No Brasil, a jurisdição constitucional é exercida pelos tribunais e juízes, sendo o Supremo Tribunal Federal o órgão de cúpula do Poder Judiciário. Conforme compreende Barroso:

“ [...] em suma, no Brasil “a jurisdição constitucional compreende o poder exercido por juízes e tribunais na aplicação direta da Constituição, no desempenho do controle de constitucionalidade das leis e dos atos do Poder Público em geral e na interpretação do ordenamento infraconstitucional conforme a constituição.”(BARROSO, P. 5)

É importante ressaltar que houve uma de “evolução” processual da jurisdição constitucional no Brasil a partir da Constituição Federal de 1988. A princípio, havia uma má e ineficiente aplicação dos mecanismos constitucionais para controle de constitucionalidade, com um Poder Judiciário passivo frente às vontades do executivo, que se aproveitava das medidas provisórias para ser um poderoso legislador. Em 1999, o Ministro Celso de Mello falou do assunto da seguinte forma:

“[...] O presidente da República se transformou no grande legislador do país. Essa sua compulsão legislativa fez o Brasil viver sob o signo do efêmero porque as Medidas Provisórias, por serem provisórias, introduzem um elemento normativo instável. Essa distorção institucional afeta e compromete o princípio da separação dos Poderes, uma das cláusulas pétreas, a alma da nossa Constituição [...]” (MELLO, 1999 apud BONAVIDES, 2004, P. 130)

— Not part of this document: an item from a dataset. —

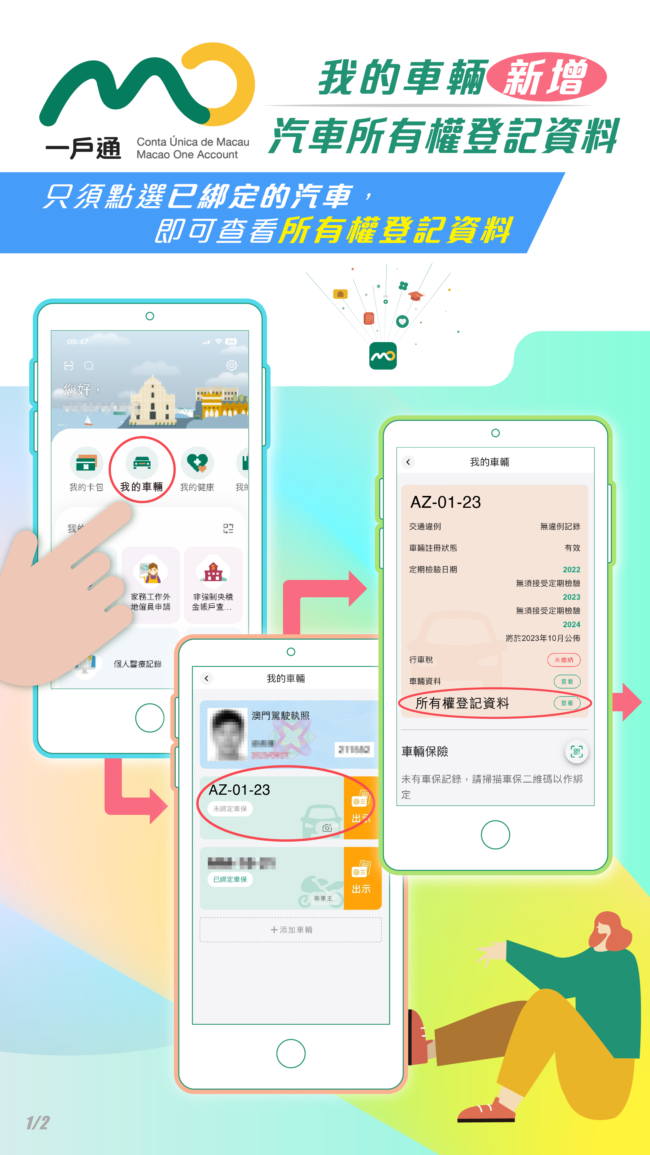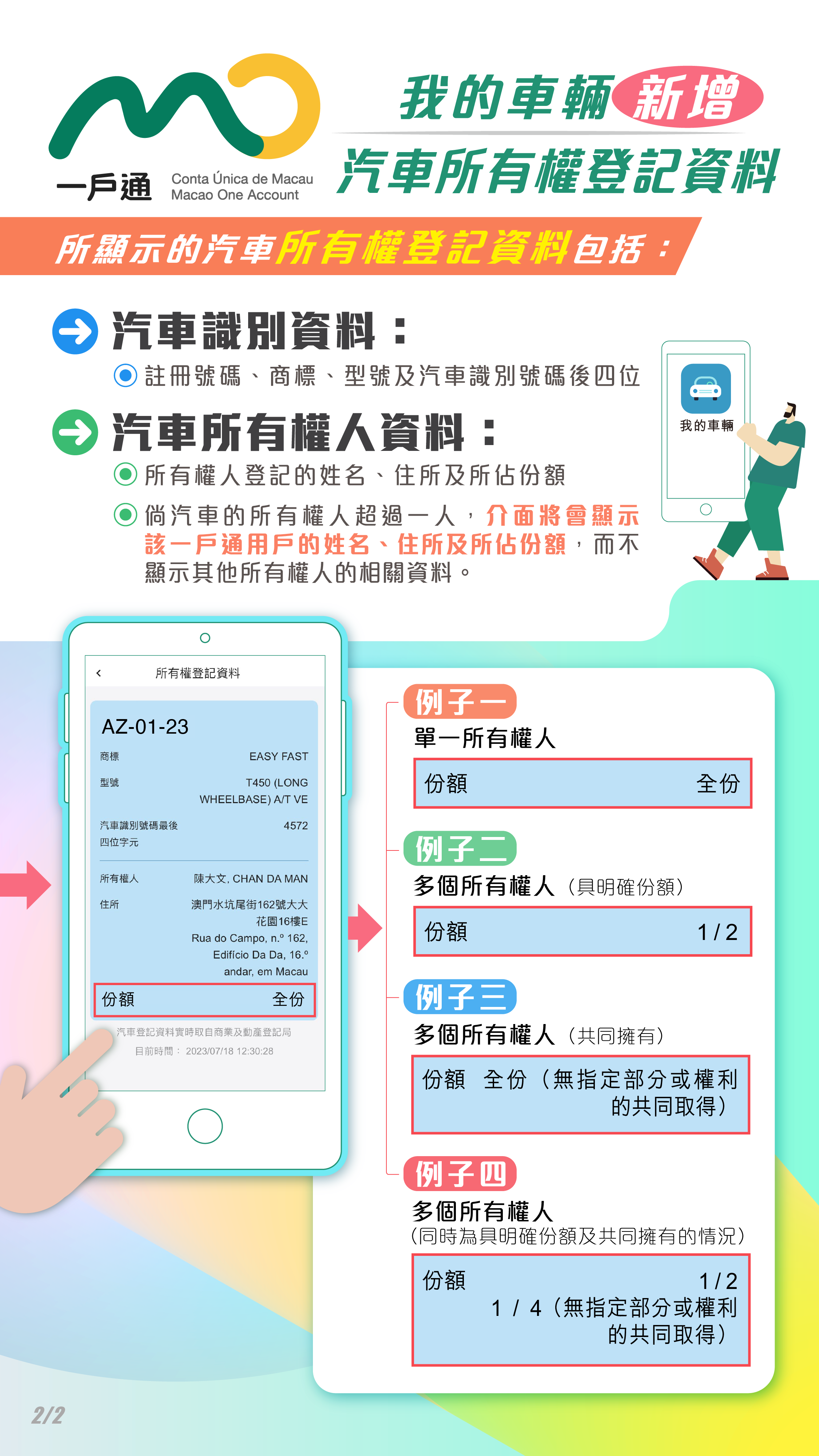 車主透過一戶通“我的車輛”功能綁定汽車後,即可查看實時取自商業及動產登記局的汽車登記資料,包括該汽車的註冊號碼、商標、型號及汽車識別號碼後四位,以及所有權人的姓名、住所和所佔份額,倘汽車的所有權人超過一人,介面只會顯示該一戶通用戶的登記資料,而不會顯示其他所有權人的資料。
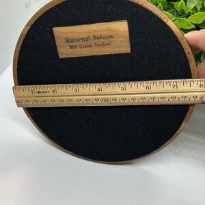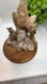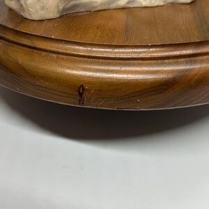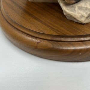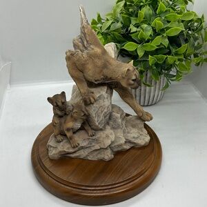 The statue measures of approximately 8 1/2 inches tall by 8 inches wide. It is on a wood base and shows a mother cougar and her two cubs. Overall, the condition is good. A white spot on the neck of the back cougar, the figurines have no breaks or hard scabs, two touch-ups on the wooden base. See photos for details and close up.

Hoje, a realidade já não é a mesma, o juiz brasileiro se tornou muito mais atuante, impulsionado principalmente pelo processo de judicialização. Isso significa dizer que questões de grande importância, as quais ficavam reservadas ao âmbito do legislativo e executivo estão sendo decididas pelo poder judiciário, em razão da insuficiência das instâncias políticas brasileiras e da necessidade de assegurar os valores de uma democracia constitucional.

Certamente no Brasil este fenômeno tomou proporções ainda maiores pelas seguintes causas: o fato da Constituição ser analítica, devendo os tribunais atender às mutações sociais que não são resolvidas pela atuação política e devido ao sistema de controle de constitucionalidade, em que todo juiz pode pronunciar a invalidade de uma norma e as ações diretas de inconstitucionalidade são ajuizadas perante o Supremo Tribunal Federal.

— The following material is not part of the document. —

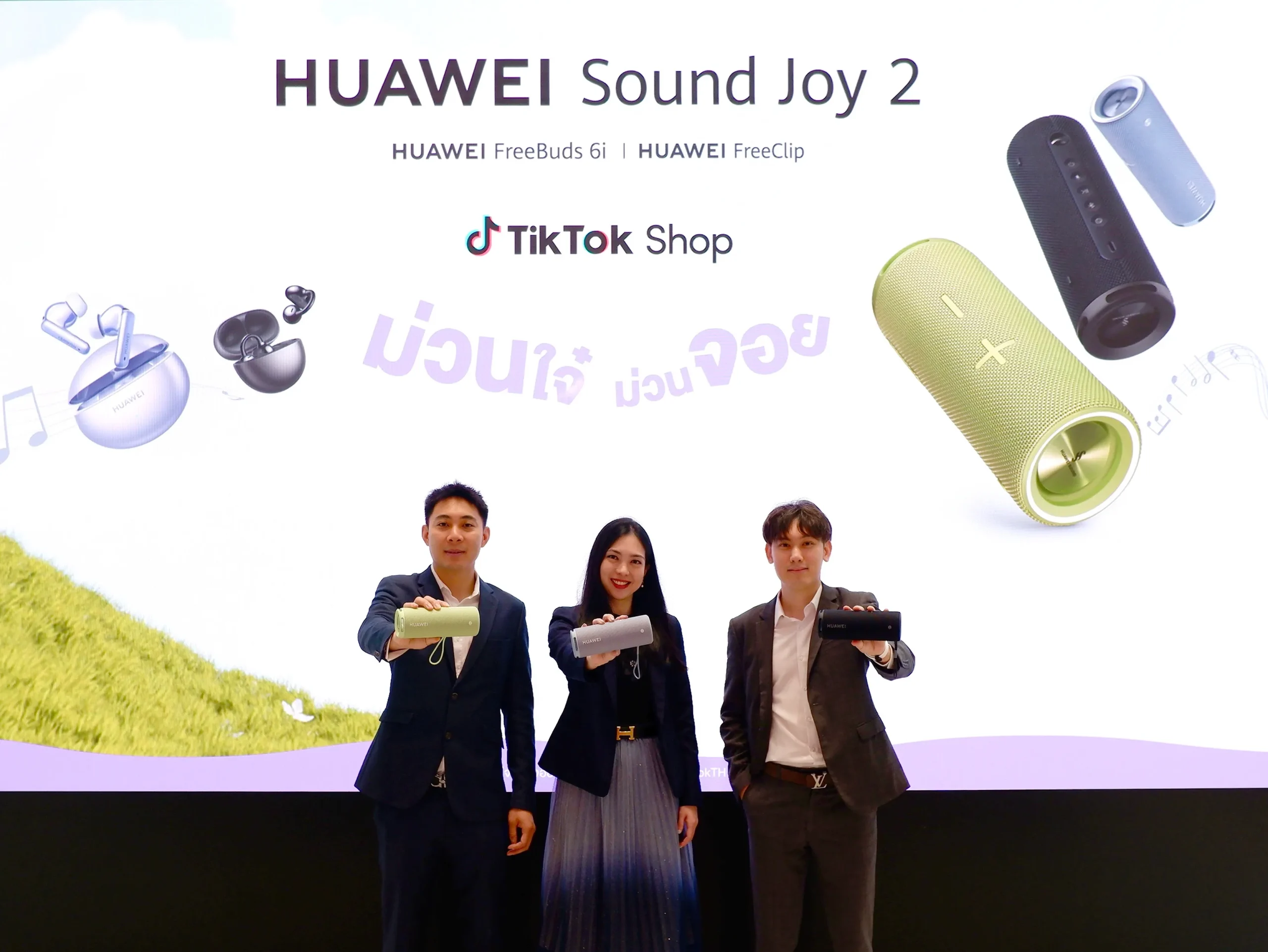 หัวเว่ย คอนซูมเมอร์ บิสสิเนส กรุ๊ป (ประเทศไทย) จับมือร่วมกับ TikTok Shop ประกาศการเปิดตัววางจำหน่าย HUAWEI Sound Joy 2 ลำโพงเสียงกระหึ่มด้วยลำโพง 4 ดอกดังสะใจ ป้องกันละอองนํ้าและฝุ่น IP67 ใช้ไปงาน ๆ ต่อเนื่อง 26 ชั่วโมง

Dessa feita, a judicialização é consequência de um modelo institucional. Entretanto, o “problema” aparece quando são ultrapassados os limites da atuação do Judiciário na busca dos valores constitucionais, podendo existir um Ativismo Judicial.

3 ATIVISMO JUDICIAL

No século XXI, nasce uma sociedade complexa com conflitos sociais e políticos emergentes que não eram previstas pelo ordenamento jurídico, junto com esta nova sociedade surge o que alguns doutrinadores chamam de Neoconstitucionalismo, marcado principalmente pelo reconhecimento da Constituição (muitas delas são analíticas, com termos abrangentes e princípios vagos) como norma jurídica principal e pela importância dada à jurisdição constitucional para concretização dos direitos fundamentais e princípios constitucionais.

Para Barroso, “a ideia de ativismo judicial está associada a uma participação mais intensa e ampla do judiciário na concretização dos valores e fins constitucionais, com maior interferência no espaço de atuação dos outros dois Poderes”. Segundo o mesmo autor, não é necessário o confronto entre os Poderes para existir Ativismo Judicial, mas apenas uma ocupação de espaços vazios. (BARROSO, P. 10)

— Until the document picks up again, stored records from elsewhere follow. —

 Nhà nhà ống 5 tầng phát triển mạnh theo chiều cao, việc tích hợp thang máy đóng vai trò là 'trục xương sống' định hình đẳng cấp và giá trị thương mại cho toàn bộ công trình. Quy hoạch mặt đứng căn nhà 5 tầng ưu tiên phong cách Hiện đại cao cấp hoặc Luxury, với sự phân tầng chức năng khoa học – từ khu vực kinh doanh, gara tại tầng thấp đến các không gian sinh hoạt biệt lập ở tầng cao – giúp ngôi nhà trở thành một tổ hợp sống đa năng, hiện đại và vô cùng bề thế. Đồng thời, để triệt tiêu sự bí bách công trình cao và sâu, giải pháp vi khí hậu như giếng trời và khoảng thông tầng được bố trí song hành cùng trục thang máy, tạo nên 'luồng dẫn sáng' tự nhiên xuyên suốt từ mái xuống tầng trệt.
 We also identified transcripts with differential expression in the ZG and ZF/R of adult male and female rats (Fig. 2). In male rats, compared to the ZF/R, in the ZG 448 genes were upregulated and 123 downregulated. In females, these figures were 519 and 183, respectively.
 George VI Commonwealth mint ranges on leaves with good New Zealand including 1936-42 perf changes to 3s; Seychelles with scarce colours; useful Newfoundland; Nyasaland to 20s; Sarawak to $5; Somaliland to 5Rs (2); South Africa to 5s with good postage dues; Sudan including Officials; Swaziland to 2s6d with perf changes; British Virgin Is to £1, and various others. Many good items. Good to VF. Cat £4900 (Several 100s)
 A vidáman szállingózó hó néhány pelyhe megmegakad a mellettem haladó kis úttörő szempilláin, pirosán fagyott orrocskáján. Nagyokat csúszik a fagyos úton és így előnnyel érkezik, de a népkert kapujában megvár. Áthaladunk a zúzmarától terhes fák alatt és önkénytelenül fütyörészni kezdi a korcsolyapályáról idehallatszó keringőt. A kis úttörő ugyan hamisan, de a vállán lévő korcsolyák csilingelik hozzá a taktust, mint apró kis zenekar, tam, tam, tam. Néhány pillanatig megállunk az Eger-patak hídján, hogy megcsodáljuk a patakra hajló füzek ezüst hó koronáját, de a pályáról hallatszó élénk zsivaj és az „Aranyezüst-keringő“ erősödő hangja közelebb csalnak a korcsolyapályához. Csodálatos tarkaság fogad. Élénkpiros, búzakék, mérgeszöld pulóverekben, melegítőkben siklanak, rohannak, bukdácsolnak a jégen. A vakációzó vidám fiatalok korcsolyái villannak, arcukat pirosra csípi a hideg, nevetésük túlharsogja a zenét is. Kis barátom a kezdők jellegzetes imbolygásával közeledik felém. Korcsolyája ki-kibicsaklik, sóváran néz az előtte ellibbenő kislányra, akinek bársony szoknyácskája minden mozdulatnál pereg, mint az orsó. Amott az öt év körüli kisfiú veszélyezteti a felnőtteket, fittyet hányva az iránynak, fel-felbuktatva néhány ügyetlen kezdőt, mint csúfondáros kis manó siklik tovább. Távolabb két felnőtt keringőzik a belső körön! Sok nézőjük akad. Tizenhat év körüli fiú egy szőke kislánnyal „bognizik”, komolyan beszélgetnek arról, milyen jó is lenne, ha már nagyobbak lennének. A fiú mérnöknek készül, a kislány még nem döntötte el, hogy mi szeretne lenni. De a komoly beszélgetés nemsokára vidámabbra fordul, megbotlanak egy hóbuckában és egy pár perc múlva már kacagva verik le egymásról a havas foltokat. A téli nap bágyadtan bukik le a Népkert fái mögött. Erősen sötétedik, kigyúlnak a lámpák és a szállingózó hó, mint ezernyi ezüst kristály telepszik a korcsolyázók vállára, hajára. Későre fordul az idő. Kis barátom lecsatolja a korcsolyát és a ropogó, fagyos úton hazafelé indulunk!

Ou seja, quando o juiz ou tribunal transpassa os limites de sua competência no campo do direito, passando a atuar como agente político, chamado de “juiz legislador” ou quando o controle de constitucionalidade se dá de maneira exacerbada em casos em que os atos de outros Poderes não são claramente inconstitucionais, nasce assim, uma atitude extrajudicial, uma politização da jurisdição constitucional, que está além da atuação esperada. É o que se convenciona chamar de Ativismo Judicial.